葬儀に着ける腕時計のベルトの色は、黒一色にしましょう。
現在、ベルトの色は多種多様な色や柄がありますが、葬儀にふさわしいのは黒かつ無地であることにくわえ、素材は革が最も望ましいです。
ただ革といっても、クロコダイルなどの模様が入ったものや光沢が強いものはふさわしくありません。

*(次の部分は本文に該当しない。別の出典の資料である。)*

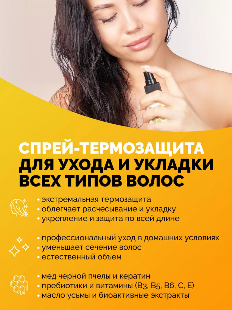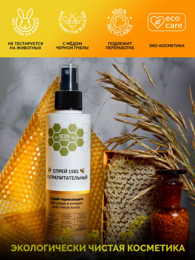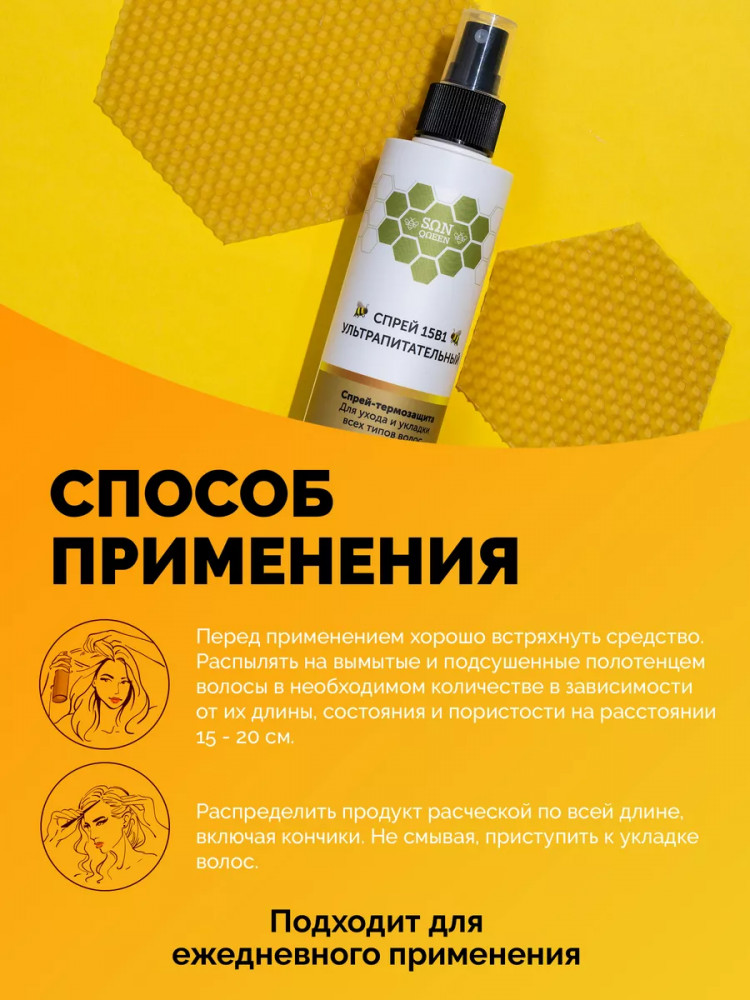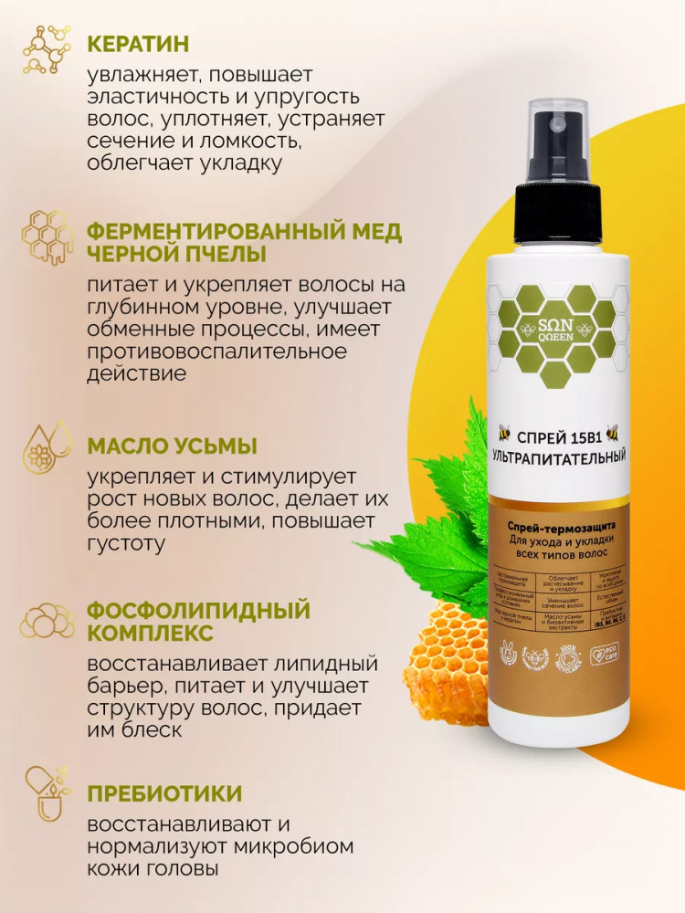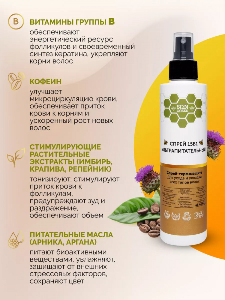 Sunqueen Спрей для волос 15 в 1 «Ультрапитательный»В данный момент этот товар отсутствует в продаже. Возможно, у нас найдется аналогичный или похожий товар здесь. Многофункциональный спрей для всех типов волос 15 в 1. Питательный крем-спрей для ухода и укладки обеспечивает легкое расчесывание, термозащиту волос без утяжеления, жирности и склеивания. Кондиционер термоспрей имеет устойчивый эффект, снижает пушистость, обеспечивает естественный объем, снимает статику, восстанавливает секущиеся кончики, устраняет ломкость и пористость. Натуральный состав обеспечивает максимальное увлажнение, обогащает питательными компонентами и витаминами, придает блеск по всей длине. Заменяет целый ряд средств для ухода и укладки, содержит витамины от выпадения волос. После применения укладка делается быстро и легко. Несмываемый крем спрей уменьшает сечение, разглаживает поврежденную структуру, защищает от негативного влияния окружающей среды, цвет окрашенных прядей будет держаться дольше. После применения локоны мгновенно получают необходимое увлажнение, питание и уход, выглядят сильными здоровыми и ухоженными. |

また、革のベルトがなく金属製の場合はシンプルなシルバーが許容範囲です。
ただ金属製のベルトは光沢があっておしゃれ感があり、人によっては葬儀にふさわしくないと考える人もいますので、やはり革の黒色ベルトがふさわしいでしょう。

葬儀の腕時計マナー:時計の色

時計の色は、白か黒がふさわしいでしょう。
白と黒は最もシンプルでフォーマルだからです。
決まりではありませんが、男性が白、女性が黒を着けると服装とのバランスが取れて見えるのでお勧めです。
これは腕時計を着ける袖口が、男性はシャツの白であり、女性が喪服の黒であるため、綺麗にみえるのですが、決まりやマナーではありませんのでこだわる必要はありません。
なお、白と黒以外にも、落ち着いた色合いの時計は許容範囲内と言われていますが、白と黒以外だとフォーマル感が薄れ、おしゃれ感が強くなりますので、気を付ける必要があります。

葬儀の腕時計マナー:文字盤のデザイン

文字盤のデザインは、宝石が埋め込まれていたり、絵柄が描きこまれているものは避け、シンプルに数字が書かれているものが葬儀にはふさわしいでしょう。
また日付や温度など、時間以外の物が表示されている腕時計も避けましょう。

葬儀の腕時計マナー:時計の針

腕時計の針は、2針または3針のものがふさわしいでしょう。
3針より多いと、カジュアルさがでてきてしまうので、葬儀にはふさわしくありません。
また針の色がゴールドなど色合いは避け、黒か白にしましょう。
そして針が動く際に出てしまう音はできる限り静かな物がふさわしいです。
葬儀の静粛な場所では、小さな音でも大きく響いてしまうからです。
時計の針の音が響くと葬儀を台無しにしてしまう可能性がありますので、普段にはあまり気づかない針の音まで、気を付けるとよいでしょう。

葬儀にふさわしくない腕時計の特徴

葬儀にふさわしい時計をこれまで紹介してきましたが、ここでは逆にふさわしくない腕時計の特徴を見ていきます。
腕時計を普段着けていると葬儀という場にもそのまま着けて出かけてしまう可能性がありますので、普段から自分の時計が葬儀に着けていってもいいものかを確認しておくとよいでしょう。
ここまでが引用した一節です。